# [Information]
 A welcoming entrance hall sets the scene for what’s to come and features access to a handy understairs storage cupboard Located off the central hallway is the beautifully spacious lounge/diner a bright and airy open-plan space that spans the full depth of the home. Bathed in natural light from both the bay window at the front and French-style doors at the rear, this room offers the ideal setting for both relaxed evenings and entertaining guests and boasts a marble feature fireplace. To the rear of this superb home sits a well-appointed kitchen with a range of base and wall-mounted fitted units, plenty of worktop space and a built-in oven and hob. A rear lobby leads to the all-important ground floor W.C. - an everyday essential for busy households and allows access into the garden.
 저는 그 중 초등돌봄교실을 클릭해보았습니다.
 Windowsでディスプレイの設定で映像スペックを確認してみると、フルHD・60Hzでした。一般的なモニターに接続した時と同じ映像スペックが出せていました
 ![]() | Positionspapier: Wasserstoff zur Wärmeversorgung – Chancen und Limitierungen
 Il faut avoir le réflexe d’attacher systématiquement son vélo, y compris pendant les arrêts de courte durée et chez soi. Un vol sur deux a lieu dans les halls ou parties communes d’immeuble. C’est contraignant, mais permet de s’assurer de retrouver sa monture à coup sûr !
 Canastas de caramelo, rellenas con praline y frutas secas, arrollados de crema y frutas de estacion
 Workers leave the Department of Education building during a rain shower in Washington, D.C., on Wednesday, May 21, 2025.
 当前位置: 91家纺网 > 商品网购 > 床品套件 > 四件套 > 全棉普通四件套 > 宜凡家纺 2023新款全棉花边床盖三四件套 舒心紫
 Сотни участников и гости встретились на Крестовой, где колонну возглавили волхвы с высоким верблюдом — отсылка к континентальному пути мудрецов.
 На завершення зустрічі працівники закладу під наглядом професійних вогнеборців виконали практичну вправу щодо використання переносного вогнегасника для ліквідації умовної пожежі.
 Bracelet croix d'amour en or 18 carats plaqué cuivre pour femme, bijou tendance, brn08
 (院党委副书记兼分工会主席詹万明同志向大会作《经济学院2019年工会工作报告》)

# [Exercise requirements]
Write out the full listing without altering anything.

# [Task response]
 A welcoming entrance hall sets the scene for what’s to come and features access to a handy understairs storage cupboard Located off the central hallway is the beautifully spacious lounge/diner a bright and airy open-plan space that spans the full depth of the home. Bathed in natural light from both the bay window at the front and French-style doors at the rear, this room offers the ideal setting for both relaxed evenings and entertaining guests and boasts a marble feature fireplace. To the rear of this superb home sits a well-appointed kitchen with a range of base and wall-mounted fitted units, plenty of worktop space and a built-in oven and hob. A rear lobby leads to the all-important ground floor W.C. - an everyday essential for busy households and allows access into the garden.
 저는 그 중 초등돌봄교실을 클릭해보았습니다.
 Windowsでディスプレイの設定で映像スペックを確認してみると、フルHD・60Hzでした。一般的なモニターに接続した時と同じ映像スペックが出せていました
 ![]() | Positionspapier: Wasserstoff zur Wärmeversorgung – Chancen und Limitierungen
 Il faut avoir le réflexe d’attacher systématiquement son vélo, y compris pendant les arrêts de courte durée et chez soi. Un vol sur deux a lieu dans les halls ou parties communes d’immeuble. C’est contraignant, mais permet de s’assurer de retrouver sa monture à coup sûr !
 Canastas de caramelo, rellenas con praline y frutas secas, arrollados de crema y frutas de estacion
 Workers leave the Department of Education building during a rain shower in Washington, D.C., on Wednesday, May 21, 2025.
 当前位置: 91家纺网 > 商品网购 > 床品套件 > 四件套 > 全棉普通四件套 > 宜凡家纺 2023新款全棉花边床盖三四件套 舒心紫
 Сотни участников и гости встретились на Крестовой, где колонну возглавили волхвы с высоким верблюдом — отсылка к континентальному пути мудрецов.
 На завершення зустрічі працівники закладу під наглядом професійних вогнеборців виконали практичну вправу щодо використання переносного вогнегасника для ліквідації умовної пожежі.
 Bracelet croix d'amour en or 18 carats plaqué cuivre pour femme, bijou tendance, brn08
 (院党委副书记兼分工会主席詹万明同志向大会作《经济学院2019年工会工作报告》)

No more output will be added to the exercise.